For now, the combat effectiveness of the Grad-armed Sea Baby remains unconfirmed — as does the effectiveness of the modification fitted with adapted air-to-air missiles.
Both, however, fit in with broader Ukrainian plans to migrate the kinds of capabilities found on larger naval vessels and incorporate them on USVs.
“We want to break down a large warship into its functions — air defense, weapons, protection — and put these weapons on several drones,” an SBU brigadier general with the callsign “Hunter,” told the Ukrainian Pravda (UP) news outlet earlier this year. “Ukraine does not have the time or money to build large warships, but a swarm of drones, which will include anti-aircraft drones, kamikaze drones, drones with guns, and so on, can solve the issue of the fleet in a completely different way.”
Ukraine now seems to be increasingly putting that philosophy into action.

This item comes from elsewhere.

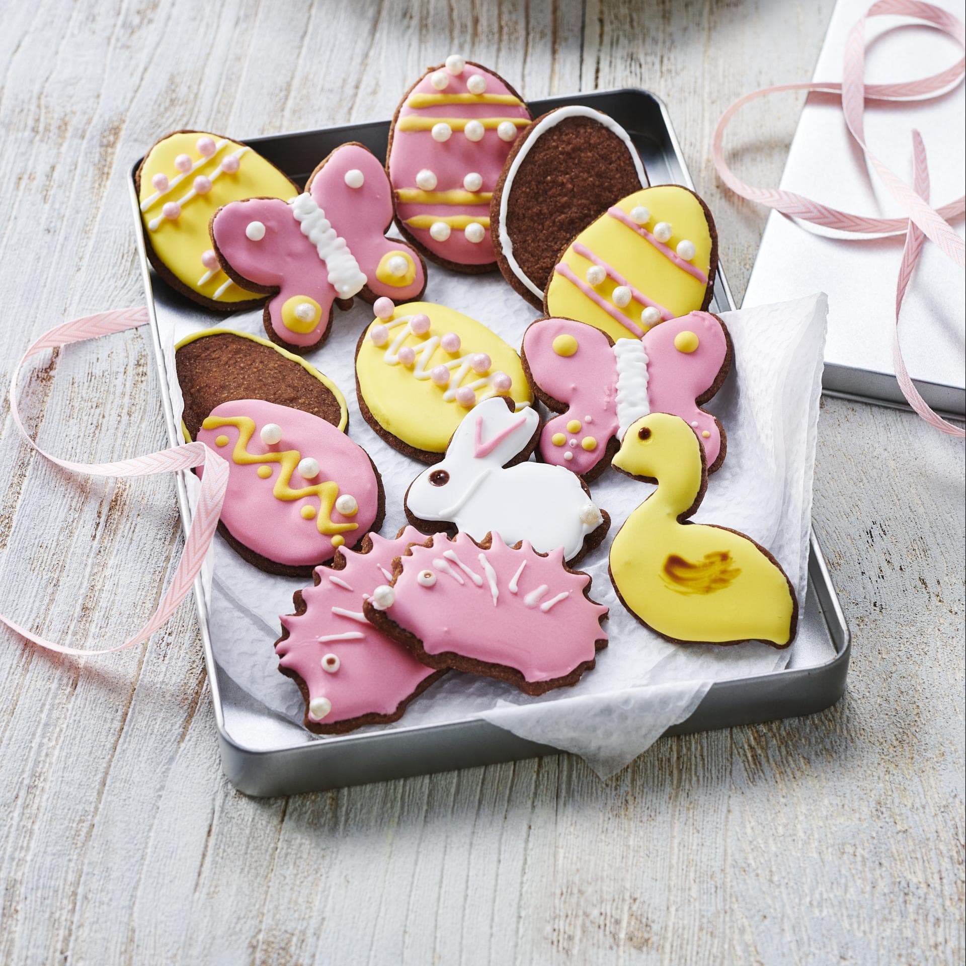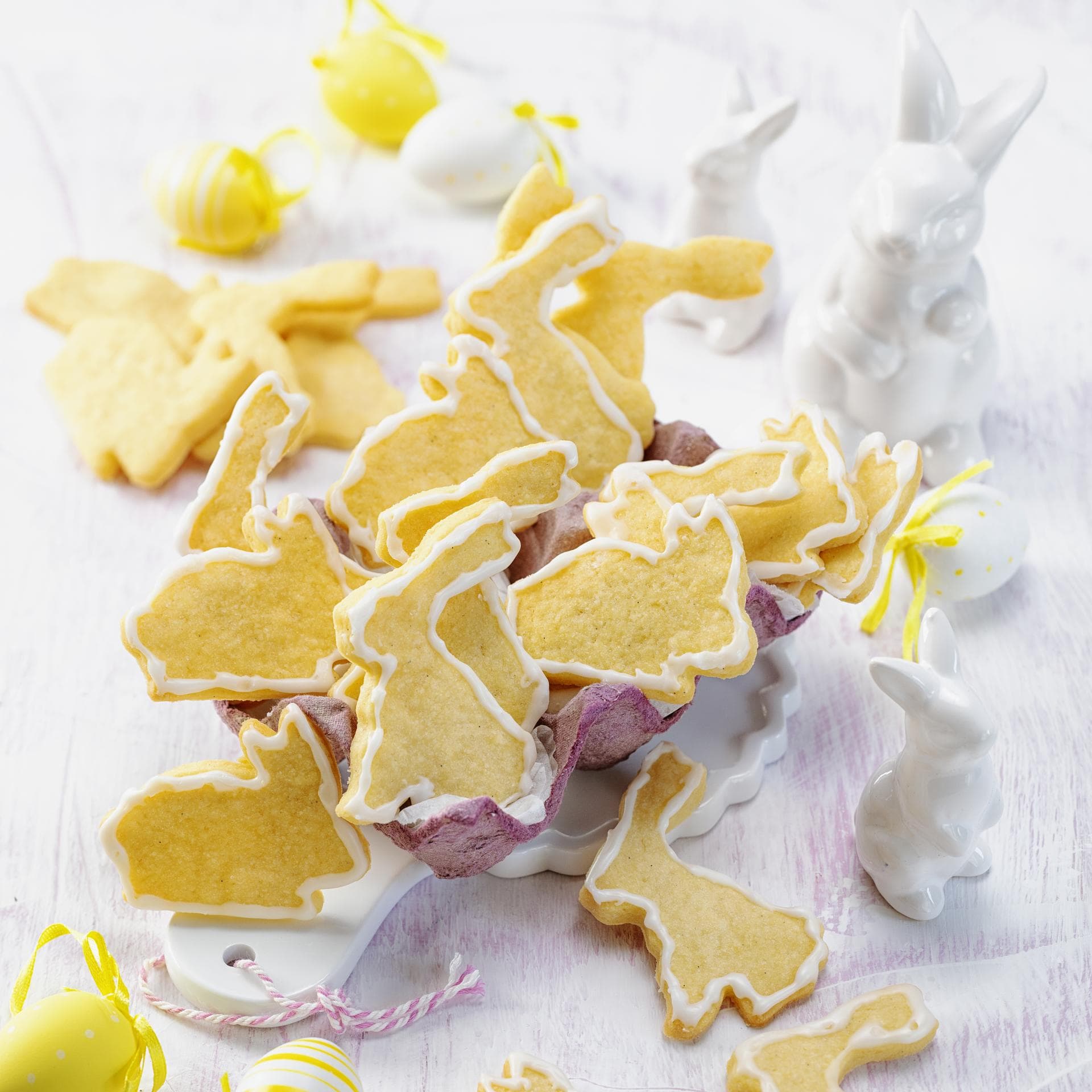 2. Den Backofen auf 180 Grad vorheizen. Den Teig zwischen Backpapier ausrollen, saisonale Formen ausstechen (z.B. Eier, Hasen, Küken, Schmetterlinge, Igel), auf dem mit Backpapier belegten Ofenblech in 10–12 Min. backen. Auf Kuchengittern vollständig auskühlen lassen.

With no chance of fighting the Russian Navy on its own terms, Ukraine has adopted a much more asymmetric approach, with drone boats very much at the center. It remains to be seen how successful the concept of USVs as multi-purpose reusable platforms is, but at the very least it provides another threat — or range of threats — that the Russians will need to respond to with suitable countermeasures, something that they have struggled to do in the past.